Task instructions.
Return exactly those lines of the material below that fall between the line holding "Budowa murów getta" and the line holding "Фонтан - скульптурная", inclusive.

┌─ Available data

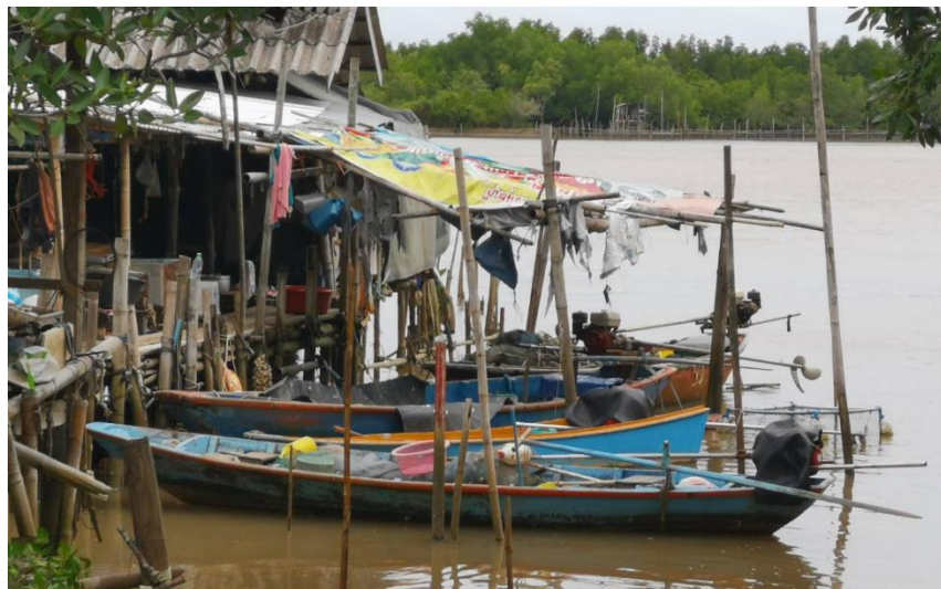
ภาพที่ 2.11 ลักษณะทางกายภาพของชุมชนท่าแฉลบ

└─
┌─ Available data

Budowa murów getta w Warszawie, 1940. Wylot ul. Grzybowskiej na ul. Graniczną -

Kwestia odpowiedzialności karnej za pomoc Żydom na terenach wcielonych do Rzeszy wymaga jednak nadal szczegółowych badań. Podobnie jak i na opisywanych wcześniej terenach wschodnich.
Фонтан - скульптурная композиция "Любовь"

└─
┌─ Available data

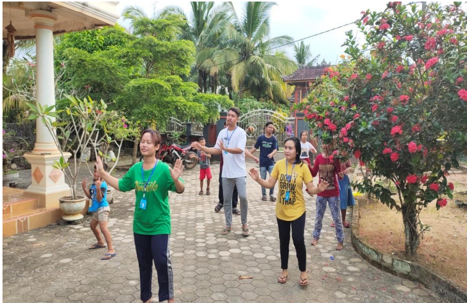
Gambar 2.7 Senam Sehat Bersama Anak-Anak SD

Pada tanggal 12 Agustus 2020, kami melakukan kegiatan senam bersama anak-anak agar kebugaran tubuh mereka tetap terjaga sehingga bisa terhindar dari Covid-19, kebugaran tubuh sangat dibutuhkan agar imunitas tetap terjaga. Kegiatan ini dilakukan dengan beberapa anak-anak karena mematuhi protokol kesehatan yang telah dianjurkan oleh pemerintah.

└─

Exercise response.
Budowa murów getta w Warszawie, 1940. Wylot ul. Grzybowskiej na ul. Graniczną -

Kwestia odpowiedzialności karnej za pomoc Żydom na terenach wcielonych do Rzeszy wymaga jednak nadal szczegółowych badań. Podobnie jak i na opisywanych wcześniej terenach wschodnich.
Фонтан - скульптурная композиция "Любовь"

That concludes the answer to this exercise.